*** Begin section ***
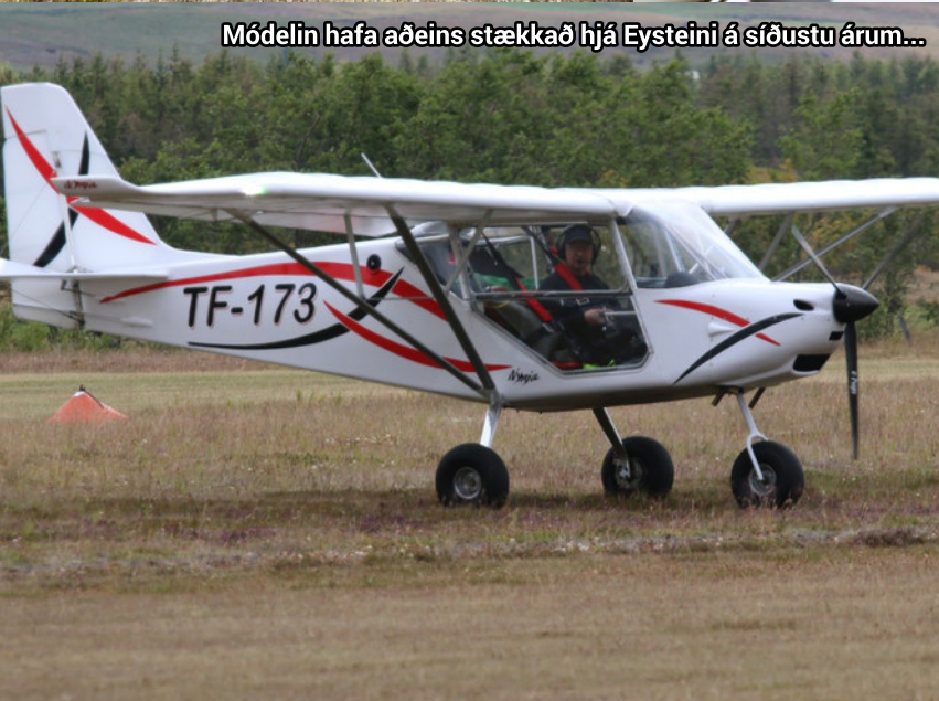
Módelin hafa aðeins stækkað hjá Eysteini á síðustu árum...
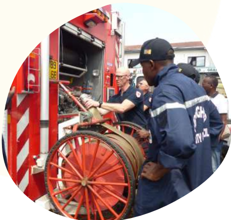
Formation des agents municipaux à l'usage et à l'entretien du fourgon pompe tonne incendie
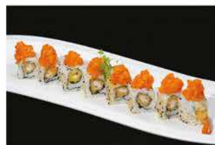
87. EXOTIC € 12,00 gamberi* fritti guarnito con tartar di salmone piccante
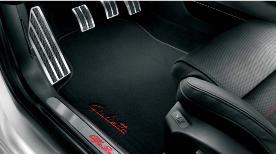
Kit pedaliera sportiva più appoggia piede in alluminio, Kit batticalcagni illuminati (solo anteriori) e kit tappeti "Giulietta" con cucitura rossa
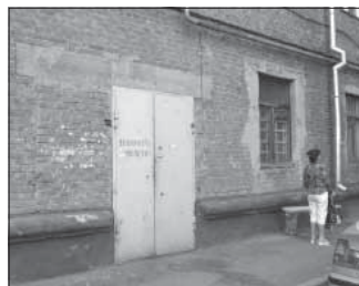
Ул. Весенняя, 13. Общая площадь 173,9 кв.м.
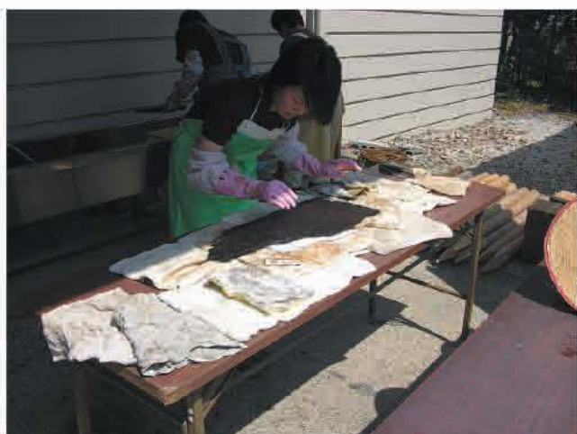
洗浄した後、表面の水分を吸収する
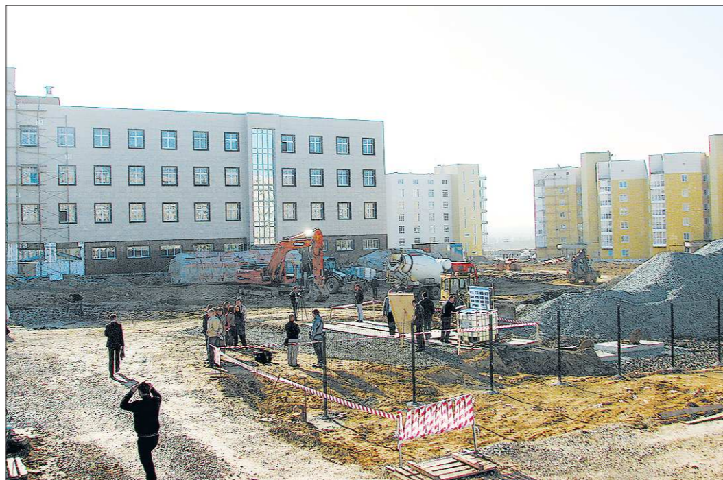
Местные жители, наблюдая, как стремительно растут здания госпиталя, мечтают о таких же темпах на стройке детской больницы, которая возводится двадцать лет

* День тезоименитства — это день памяти какого-либо святого, праздник для человека, который при крещении получил имя этого святого.
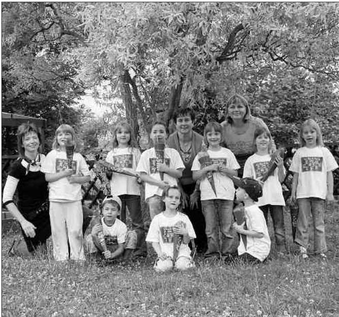
Viel Freude in der Schule. Dies wünschen von ganzem Herzen das Erzieher-Team „Max und Moritz“ in Stößen

Dazu wünschen wir Ihnen und Ihren Kindern alles erdenklich Gute.
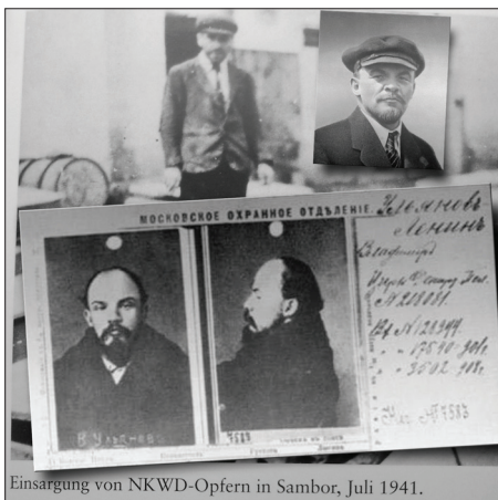
Einsargung von NKWD-Opfern in Sambor, Juli 1941.

Дуже мало місця у роботі відведено дослідженню ролі юрбишумовиння у погромі 1 липня 351 , однак навіть ту він переважно розглядає через призму «провідної ролі» у погромі української
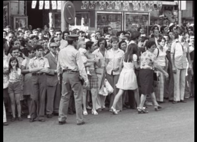
Madrid, 13-09-1974.- Grupo de ciudadanos en las inmediaciones de la cafetería Rolando tras la explosión a primera hora de la tarde de un potente artefacto.
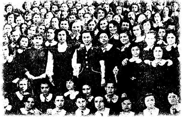
(Demokrat İzmir, 18 Mayıs 1952)

İzmir'in ikinci büyük kız enstitüsü olan Göztepe Kız Sanat Enstitüsü'nün binası önceleri bir Ortodoks kilisesidir. Bu binada 1923 yılında Sepet-Çiçek Enstitüsü açılmıştır [11]. 1942 yılında okulun bir bölümü bugünkü Cumhuriyet Kız Enstitüsü binasına taşınırken, bir bölümü de akşam sanat okulu olarak Göztepe'de kalmıştır. Bir süre Göztepe'de akşam sanat okulu olarak hizmet veren okul, İzmir'de kız enstitüsüne gereksinim duyulması üzerine 1947 -1948 yılında Göztepe Kız Enstitüsü adını almıştır [12].
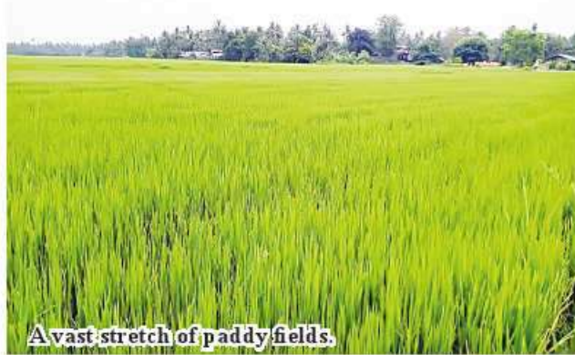
A vast stretch of paddy fields.

ers need to expand sown acreage of canola. Mustard can be grown in all places," he explained. Canola is planted in southern Shan State, northern Shan State, Kayin, Kayah and Chin states and upper Sagaing Region. These seeds flow into Mandalay market which distributes the canola seeds to other regions and states again. 185
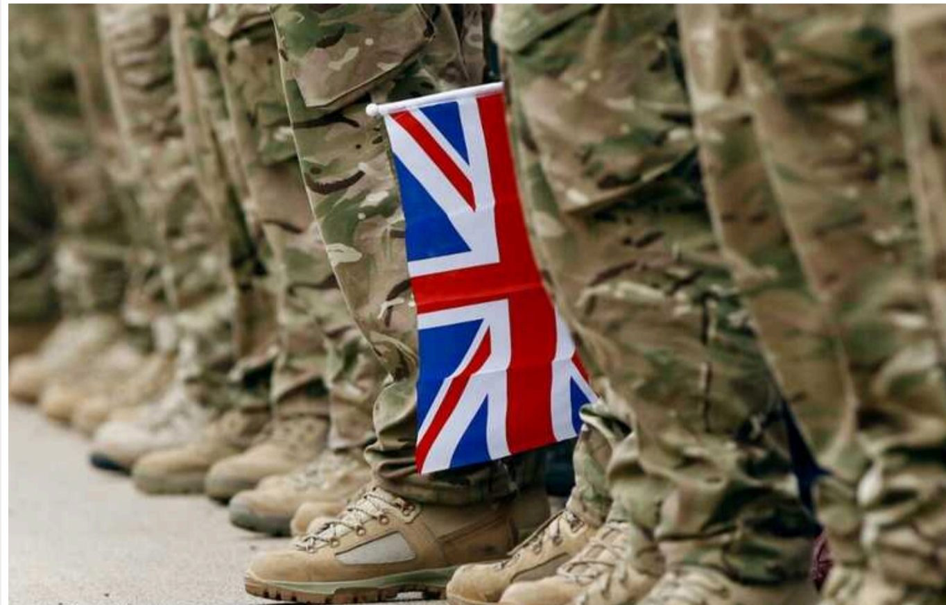
Велика Британія відправить 20 тисяч військових для участі у навчаннях НАТО в Європі

У першій половині цього року Велика Британія відправить 20 000 військовослужбовців для участі в навчаннях НАТО Steadfast Defender 24 в Європі. Також будуть направлені військові кораблі та винищувачі.
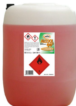
Alcool Etilico Denaturato 90°
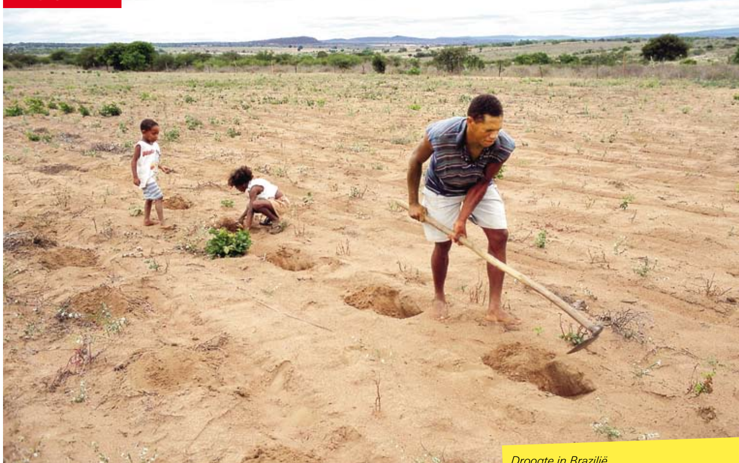
Droogte in Brazilië.
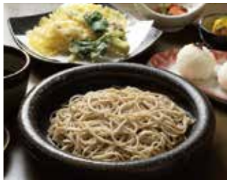
エコミュージアム川根 高宮町 安芸高田市高宮町川根1973 0826-58-0001
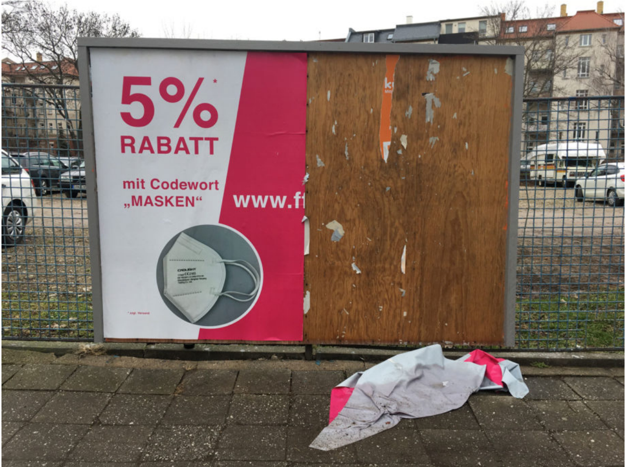
2. Februar 2021 | Leipzig | Codewort
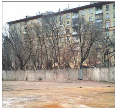
Сейчас участок освобождён
*** End section ***
▸ Activity
Set down word for word the lines beginning with the one containing "Дуже мало місця" and ending with the last line of the listing, inclusive. Omit every picture.

▸ Your solution
Дуже мало місця у роботі відведено дослідженню ролі юрбишумовиння у погромі 1 липня 351 , однак навіть ту він переважно розглядає через призму «провідної ролі» у погромі української
Madrid, 13-09-1974.- Grupo de ciudadanos en las inmediaciones de la cafetería Rolando tras la explosión a primera hora de la tarde de un potente artefacto.
(Demokrat İzmir, 18 Mayıs 1952)

İzmir'in ikinci büyük kız enstitüsü olan Göztepe Kız Sanat Enstitüsü'nün binası önceleri bir Ortodoks kilisesidir. Bu binada 1923 yılında Sepet-Çiçek Enstitüsü açılmıştır [11]. 1942 yılında okulun bir bölümü bugünkü Cumhuriyet Kız Enstitüsü binasına taşınırken, bir bölümü de akşam sanat okulu olarak Göztepe'de kalmıştır. Bir süre Göztepe'de akşam sanat okulu olarak hizmet veren okul, İzmir'de kız enstitüsüne gereksinim duyulması üzerine 1947 -1948 yılında Göztepe Kız Enstitüsü adını almıştır [12].
A vast stretch of paddy fields.

ers need to expand sown acreage of canola. Mustard can be grown in all places," he explained. Canola is planted in southern Shan State, northern Shan State, Kayin, Kayah and Chin states and upper Sagaing Region. These seeds flow into Mandalay market which distributes the canola seeds to other regions and states again. 185
Велика Британія відправить 20 тисяч військових для участі у навчаннях НАТО в Європі

У першій половині цього року Велика Британія відправить 20 000 військовослужбовців для участі в навчаннях НАТО Steadfast Defender 24 в Європі. Також будуть направлені військові кораблі та винищувачі.
Alcool Etilico Denaturato 90°
Droogte in Brazilië.
エコミュージアム川根 高宮町 安芸高田市高宮町川根1973 0826-58-0001
2. Februar 2021 | Leipzig | Codewort
Сейчас участок освобождён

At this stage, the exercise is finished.